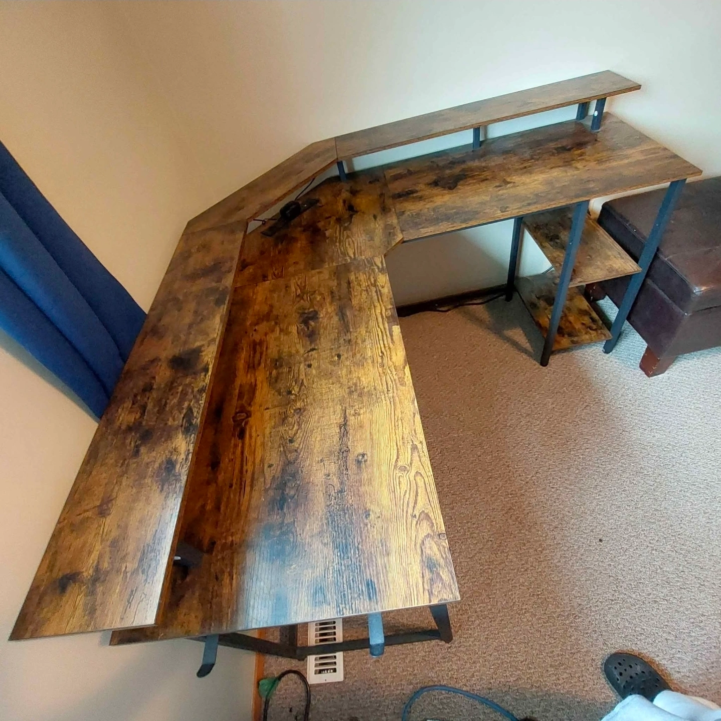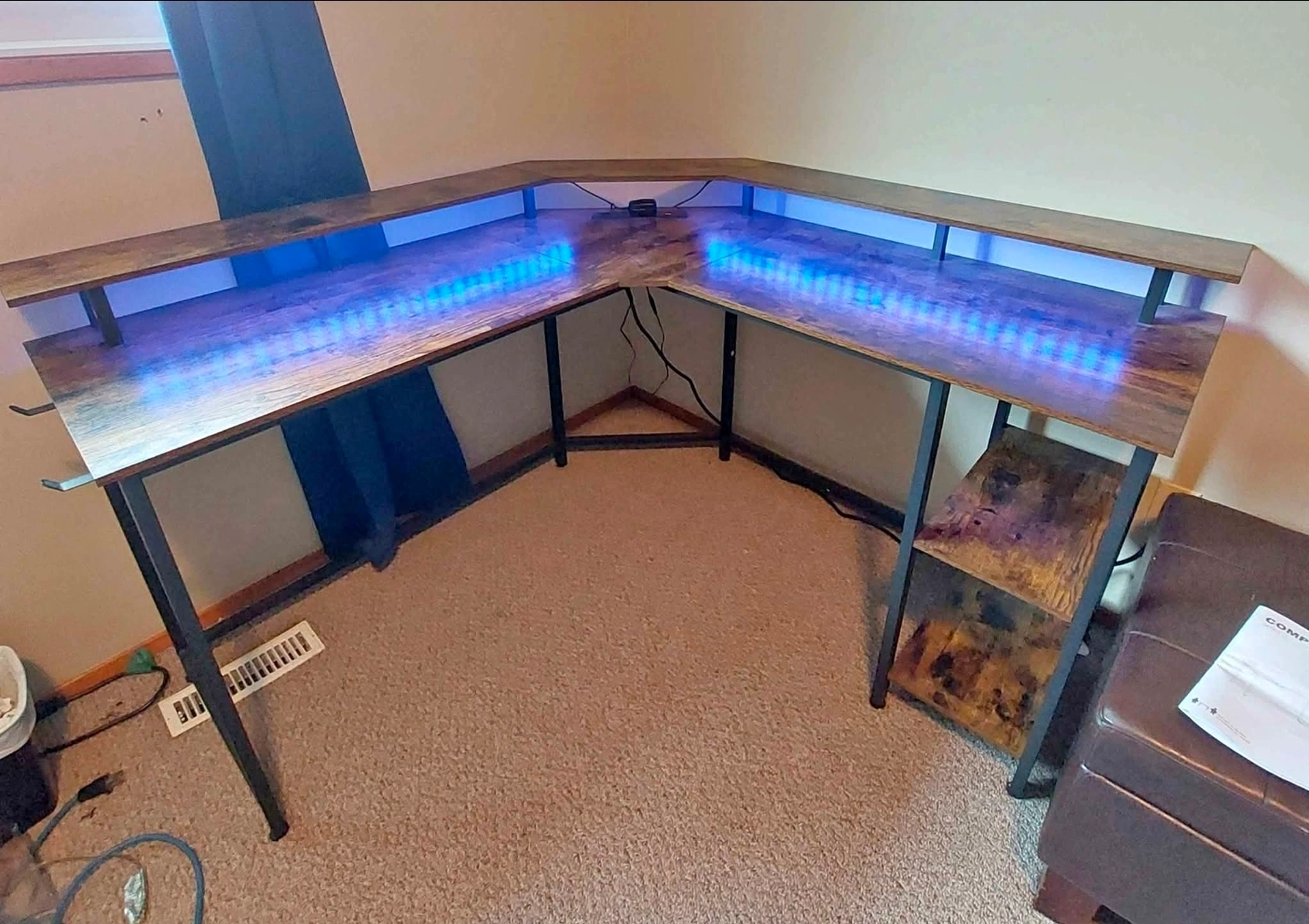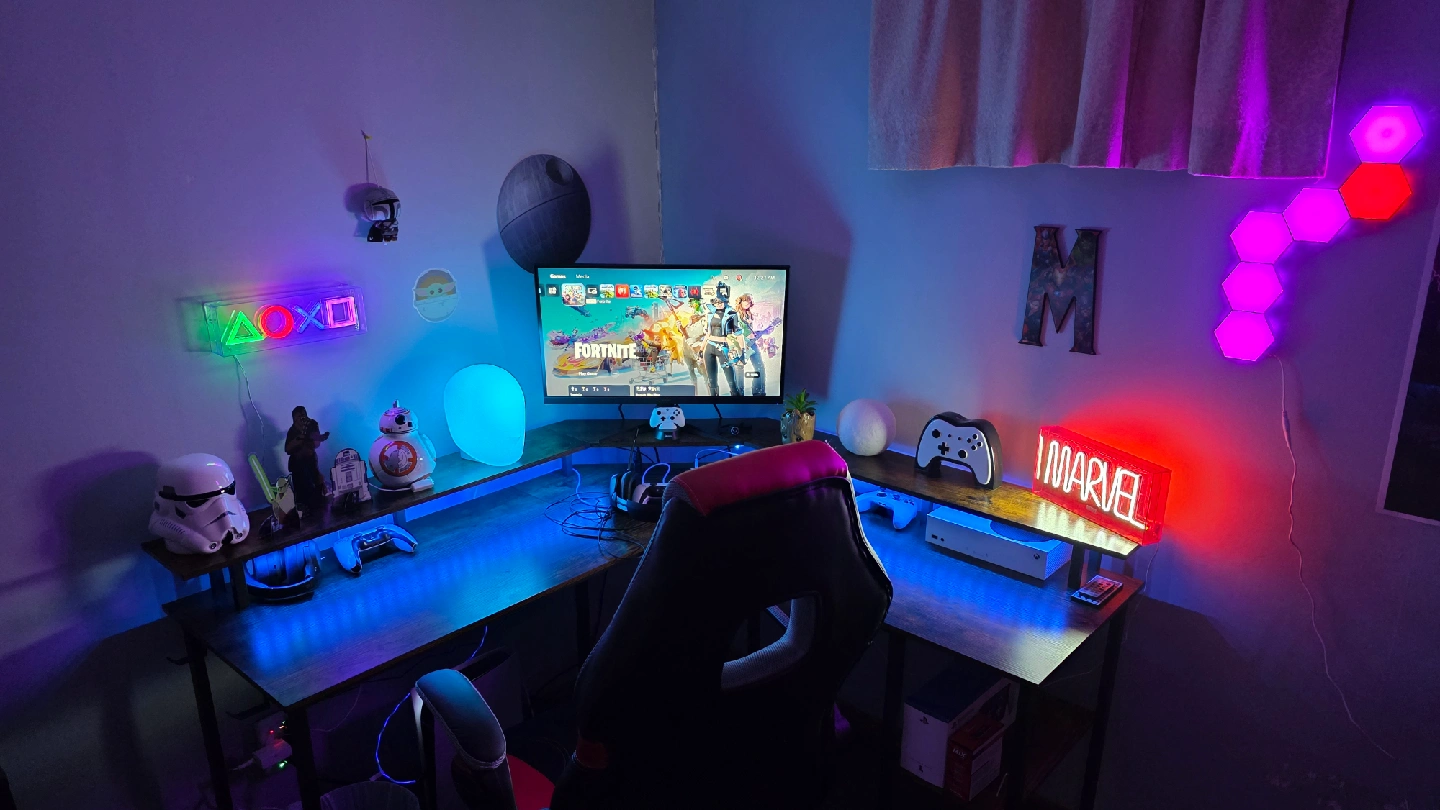 Selling an L-shaped gaming desk in great condition! It features built-in LED lights that add a cool vibe to your gaming setup. The desk also has a convenient power outlet for your devices. Perfect for creating an immersive gaming experience or a productive workspace
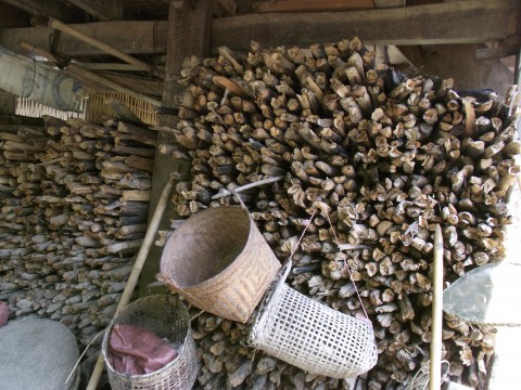 ผลาข้างบนหลังคาส่วนครัวเป็นที่เก็บอาหารแห้งและของใช้ ผ่านการอบไออุ่นจากเตาไฟทุกๆวัน ของไม่เสียหายกลับใช้งานได้ดีและปลอดภัย ธรรมชาติเกื้อกูลเป็นไปอย่างเหมาะสม
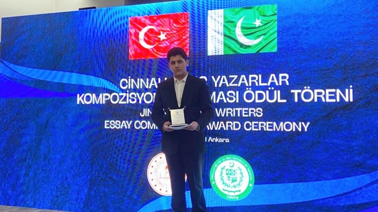 Genç öğrenci ödülünü; Pakistan Büyükelçisi Yusuf Cüneyd, Milli Eğitim Bakan Yardımcısı Celile Eren Ökten ve MEB Avrupa Birliği ve Dış İlişkiler Genel Müdürü Ünal Eryılmaz’ın katıldığı programda aldı.

* HOW TO COMPLETE THIS TASK *
Pictures aside, the material must be written out word for word.

* YOUR SOLUTION *
 Selling an L-shaped gaming desk in great condition! It features built-in LED lights that add a cool vibe to your gaming setup. The desk also has a convenient power outlet for your devices. Perfect for creating an immersive gaming experience or a productive workspace
 ผลาข้างบนหลังคาส่วนครัวเป็นที่เก็บอาหารแห้งและของใช้ ผ่านการอบไออุ่นจากเตาไฟทุกๆวัน ของไม่เสียหายกลับใช้งานได้ดีและปลอดภัย ธรรมชาติเกื้อกูลเป็นไปอย่างเหมาะสม
 Genç öğrenci ödülünü; Pakistan Büyükelçisi Yusuf Cüneyd, Milli Eğitim Bakan Yardımcısı Celile Eren Ökten ve MEB Avrupa Birliği ve Dış İlişkiler Genel Müdürü Ünal Eryılmaz’ın katıldığı programda aldı.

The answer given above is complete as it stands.